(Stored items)

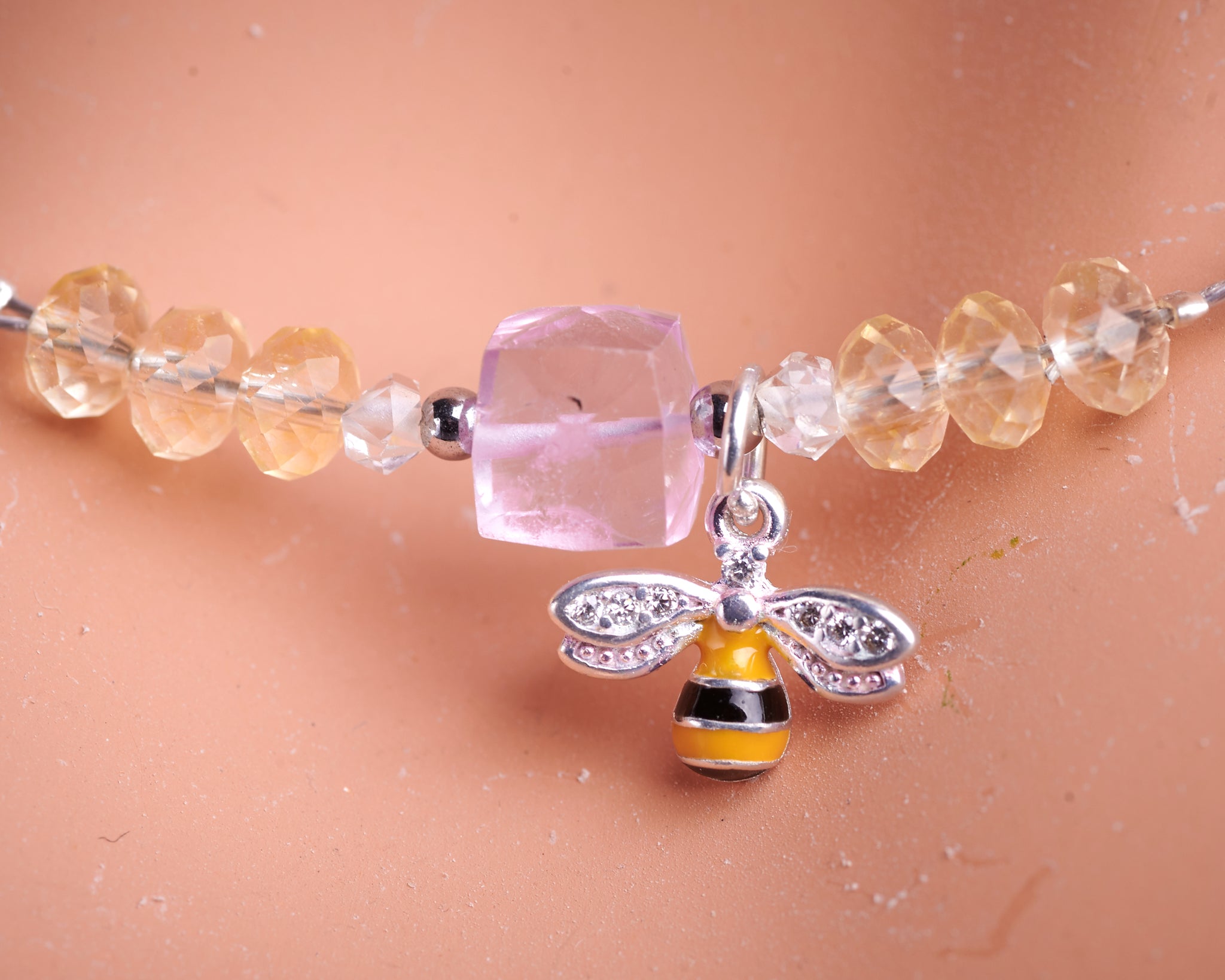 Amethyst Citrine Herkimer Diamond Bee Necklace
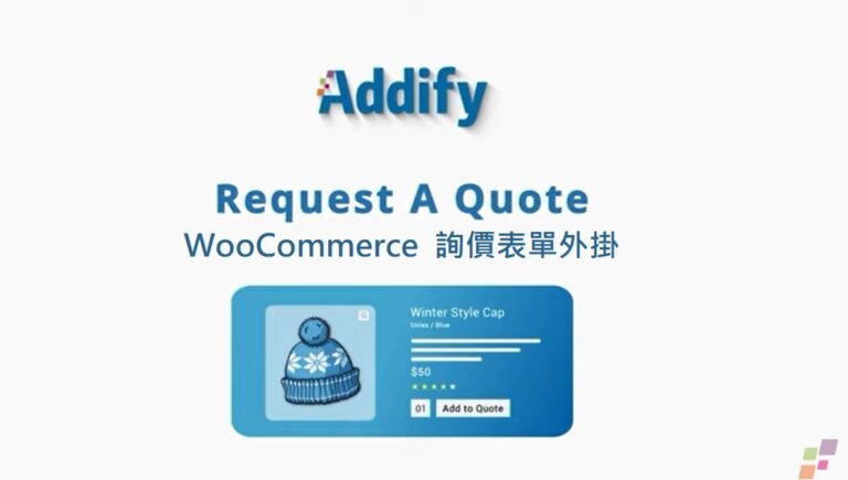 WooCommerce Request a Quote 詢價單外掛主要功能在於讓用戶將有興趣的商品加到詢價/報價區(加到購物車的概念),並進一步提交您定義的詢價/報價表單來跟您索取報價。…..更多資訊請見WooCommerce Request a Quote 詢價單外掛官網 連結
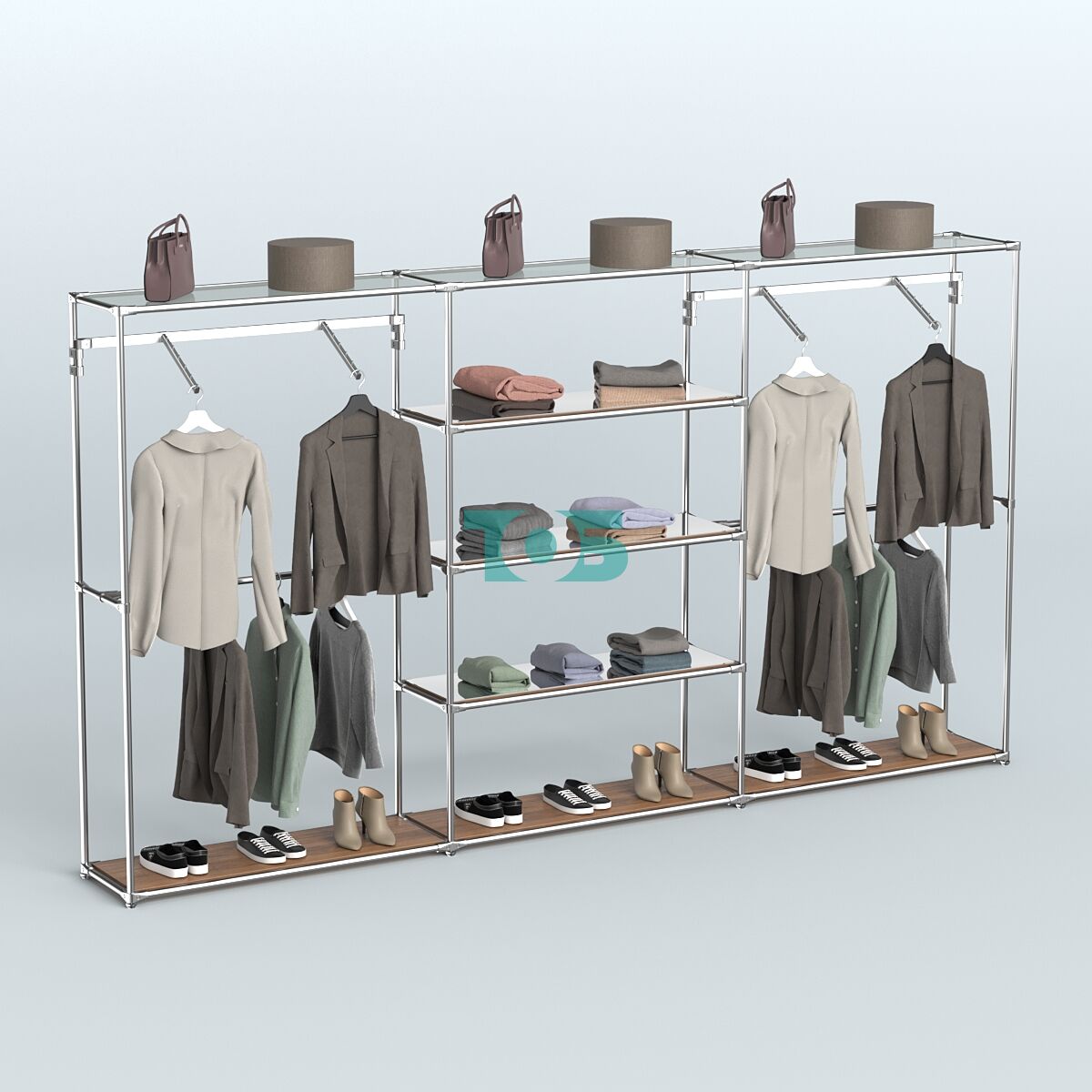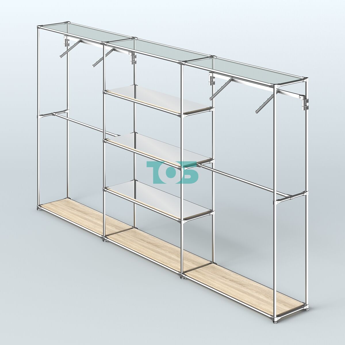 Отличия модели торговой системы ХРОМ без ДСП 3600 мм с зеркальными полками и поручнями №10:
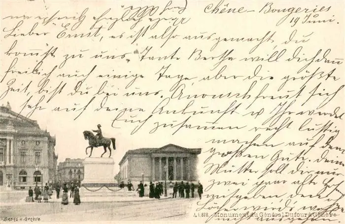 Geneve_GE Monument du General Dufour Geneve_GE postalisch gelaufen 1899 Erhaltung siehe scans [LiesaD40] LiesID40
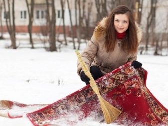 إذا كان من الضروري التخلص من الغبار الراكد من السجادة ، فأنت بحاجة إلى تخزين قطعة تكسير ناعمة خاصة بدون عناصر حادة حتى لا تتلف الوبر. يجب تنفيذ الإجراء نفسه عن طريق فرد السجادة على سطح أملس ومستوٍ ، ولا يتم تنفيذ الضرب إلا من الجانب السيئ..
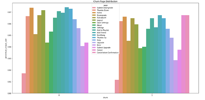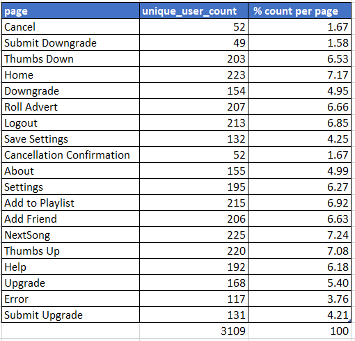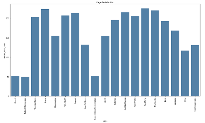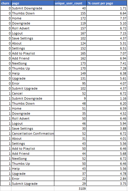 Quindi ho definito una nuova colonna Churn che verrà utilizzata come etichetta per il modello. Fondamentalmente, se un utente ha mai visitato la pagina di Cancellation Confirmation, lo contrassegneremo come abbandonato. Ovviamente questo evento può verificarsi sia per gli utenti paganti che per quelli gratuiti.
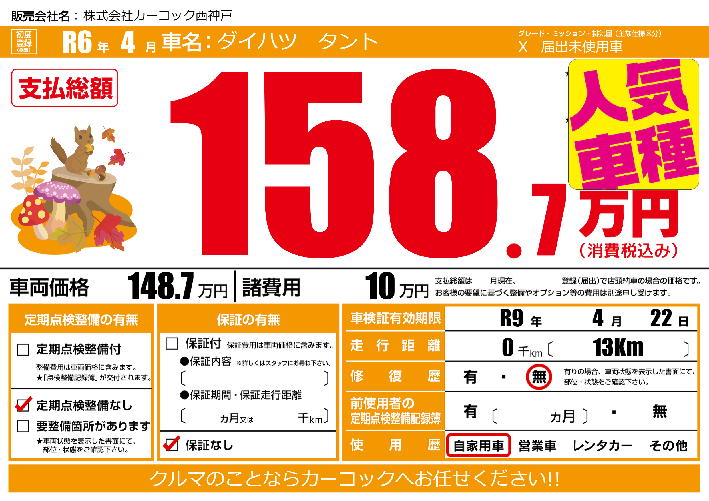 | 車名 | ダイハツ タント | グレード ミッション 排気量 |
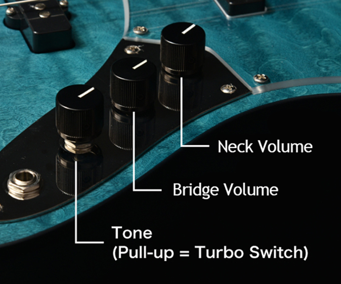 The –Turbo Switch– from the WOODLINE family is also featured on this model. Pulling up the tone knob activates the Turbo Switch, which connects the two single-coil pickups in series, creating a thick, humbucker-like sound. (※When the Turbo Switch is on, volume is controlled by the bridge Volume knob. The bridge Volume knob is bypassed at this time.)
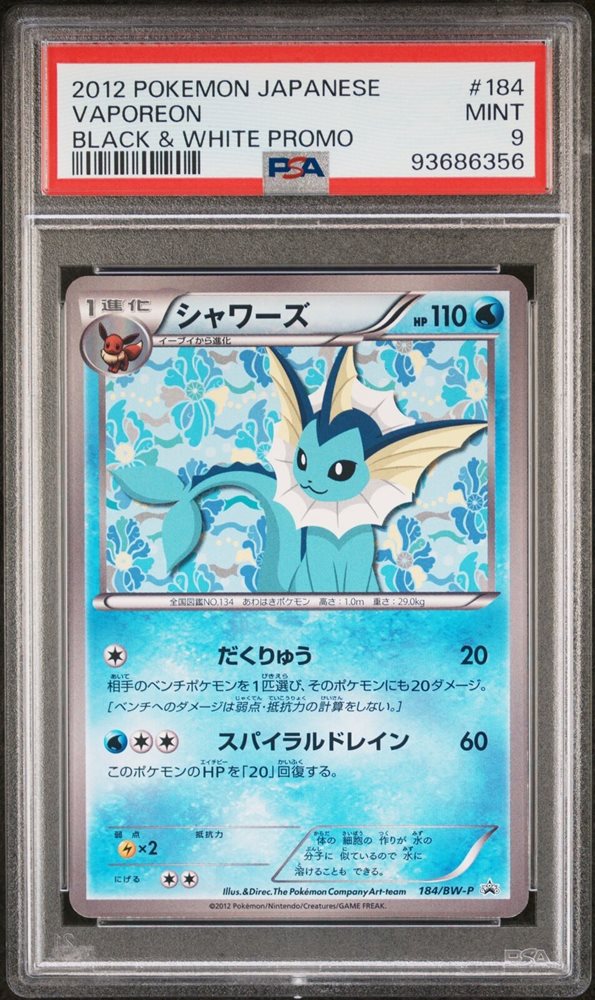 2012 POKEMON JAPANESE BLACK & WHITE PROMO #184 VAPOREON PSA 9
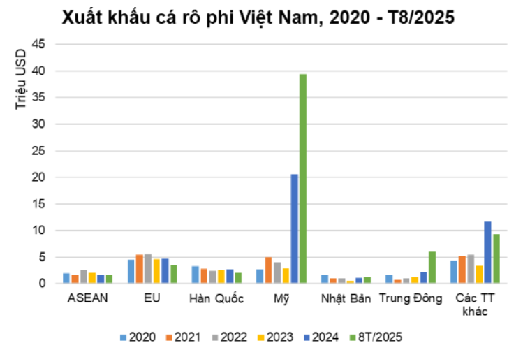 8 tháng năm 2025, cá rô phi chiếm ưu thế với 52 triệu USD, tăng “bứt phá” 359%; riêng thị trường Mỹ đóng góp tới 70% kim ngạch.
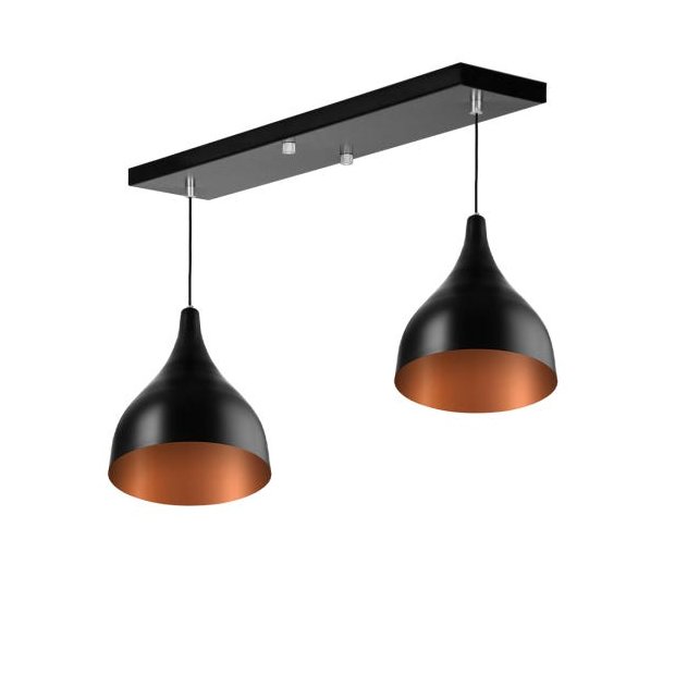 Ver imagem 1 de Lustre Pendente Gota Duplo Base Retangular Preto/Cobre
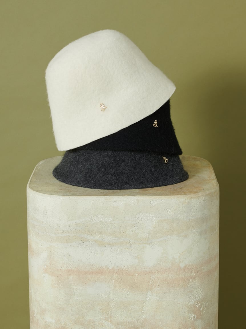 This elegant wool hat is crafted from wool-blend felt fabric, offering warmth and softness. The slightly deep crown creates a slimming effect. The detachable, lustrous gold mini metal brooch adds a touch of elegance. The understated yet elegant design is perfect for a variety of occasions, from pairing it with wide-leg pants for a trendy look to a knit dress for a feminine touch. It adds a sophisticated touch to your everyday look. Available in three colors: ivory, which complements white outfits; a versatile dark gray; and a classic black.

◆ YOUR GOAL ◆
Reproduce exactly the lines that run from the line holding "8 tháng năm" through the final line of the entries, and omit every picture.

◆ ANSWER SECTION ◆
 8 tháng năm 2025, cá rô phi chiếm ưu thế với 52 triệu USD, tăng “bứt phá” 359%; riêng thị trường Mỹ đóng góp tới 70% kim ngạch.
 Ver imagem 1 de Lustre Pendente Gota Duplo Base Retangular Preto/Cobre
 This elegant wool hat is crafted from wool-blend felt fabric, offering warmth and softness. The slightly deep crown creates a slimming effect. The detachable, lustrous gold mini metal brooch adds a touch of elegance. The understated yet elegant design is perfect for a variety of occasions, from pairing it with wide-leg pants for a trendy look to a knit dress for a feminine touch. It adds a sophisticated touch to your everyday look. Available in three colors: ivory, which complements white outfits; a versatile dark gray; and a classic black.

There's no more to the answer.